ET search finds nothing
The hunt for alien microwaves finds only silence.
As far as signs of intelligent life go, it’s as quiet as the grave from here to 50 parsecs – 1.55 million billion km – in every direction.
That’s the preliminary finding from the first year of the Breakthrough Listen Initiative (BLI), the program on a 10year mission to seek out signals from extraterrestrials.
The BLI project ultimately aims to monitor microwaves emitted near one million stars; the first-year results cover data on just 692, collected by the Green Bank Telescope (GBT) in West Virginia. So they are hardly conclusive. Neither, however, are they encouraging.
With significant private support including $US100 million from Russian oligarch Yuri Milner and his wife, BLI has paid to use two large radio telescopes – the GBT and the Parkes Radio Telescope in Australia – and the Automated Planet Finder optical telescope at Lick Observatory in California, to cover vastly more of the sky than previous searches for extraterrestrial intelligence.
Researchers led by astronomer Emilio Enriquez from the University of California, Berkeley – the home of the Breakthrough Listen Science program – analysed data from the GBT looking specifically for transmissions within the ‘microwave window’ – frequencies between 1 and 10 gigahertz (GHZ).

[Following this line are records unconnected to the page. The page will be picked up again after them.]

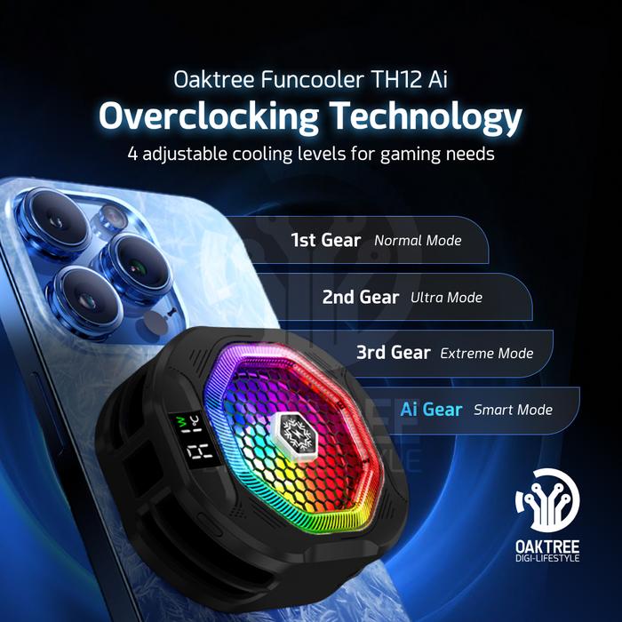 Oaktree Funcooler TH12 Ai Fan Cooler Radiator Pendingin HP Cooling Fan Gaming - Hitam
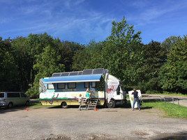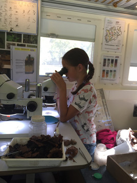 Wie jedes Jahr am letzten Tag in den Sommerferien besuchte uns der Lumbricus der Umweltbus mit Ottmar Hartwig. Der Umweltbus ist ein fahrendes Klassenzimmer mit vielen Gerätschaften, mit denen man die Luft, das Wasser, den Boden oder Lärm untersuchen kann. Bei uns stand dieses Jahr bei brütender Hitze im Dorneywald der Boden auf dem Programm. Die NABU Kids untersuchten die Laubstreu und fanden unter dem Mikroskop viele interessante Lebewesen wie Springschwänze, Tausendfüssler, Kellerasseln, Schnurfüsser usw. Von Ottmar lernten sie viel über Räuber und Beutetiere, über Wasser und CO2 im Boden und wie viel Boden jeden Tag in Deutschland bebaut wird.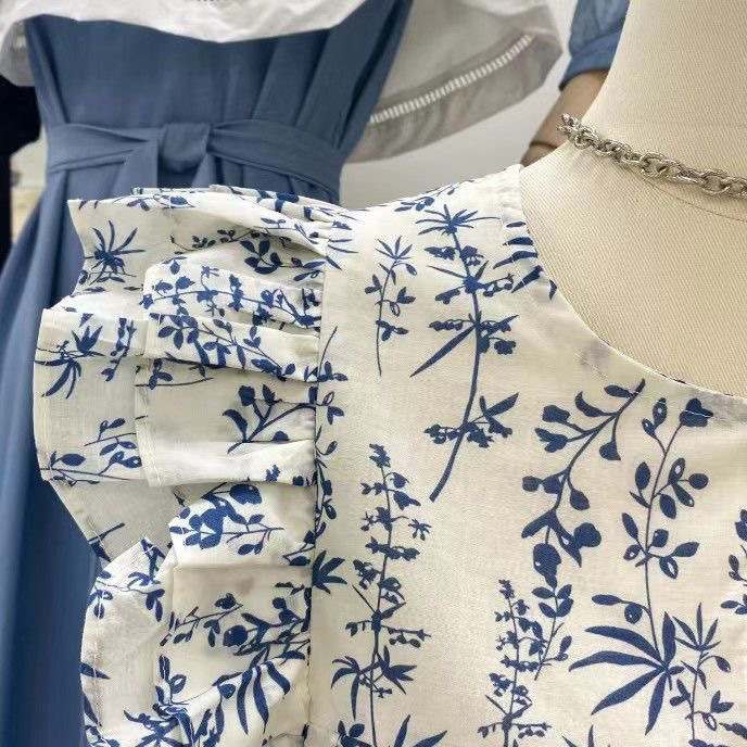프랑스 귀 젊은 감소 꽃 짧은 작은 비행 소매 chic 톱 2025 새로운 여름 우아한 루즈 셔츠스토어 가기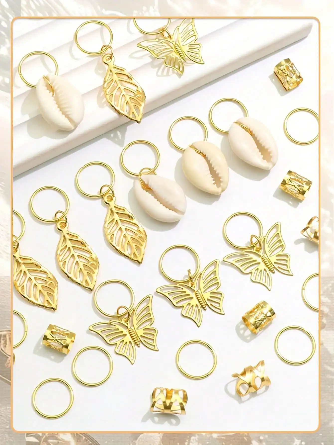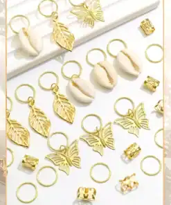 SHEIN 50PCS Butterfly Hair Jewelry Gold Dreadlock Cuffs For Dreadlocks, Shell Loc Jewelry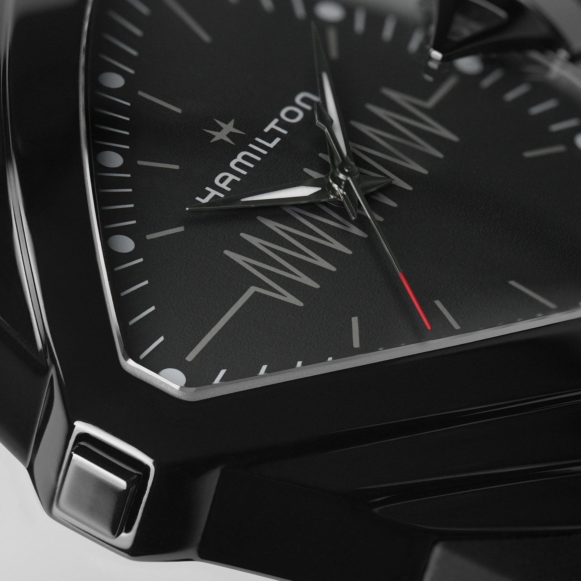 ライトアップダイヤルを備え、夜を明るく照らすエキサイティングな「ベンチュラ XXL ブライト」。1957年に世界初の電池式腕時計として発表された革新のシンボル 「ベンチュラ」 は、誕生から65年もの時を経た今も、進化を遂げながら輝き続けています。

It is a search strategy suggested in 1959 by astronomers Philip Morrison and Guiseppe Cocconi. They recognised the microwave window as a goldilocks zone for interstellar transmissions: lower frequencies would experience interference when passing through galaxies emitting low-frequency radio waves; higher frequencies would tend to get absorbed by Earth-like planetary atmospheres.
Signals from space within the microwave window are thus automatically of interest to ET hunters – even more so if they display significant variation, an indication of possibly encoded data.
The search has focused on the lower end of the microwave window, looking for signals between 1.1 and 1.9 GHZ. The rest of the range will be covered over the next few years.
Early results had been promising, with 11 signals deemed interesting enough for further analysis; but all of them turned out to have originated on Earth. In effect, the telescopes were picking up our own background babble.
In their paper, published on the preprint server arxiv hosted by Cornell University Library, the researchers report that “none of the observed systems host high-duty-cycle radio transmitters emitting between 1.1 to 1.9 GHZ”.
But a modicum of hope is left. There is still a chance of transmitters within 50 parsecs of Earth – though the estimated probability is less than 0.1%.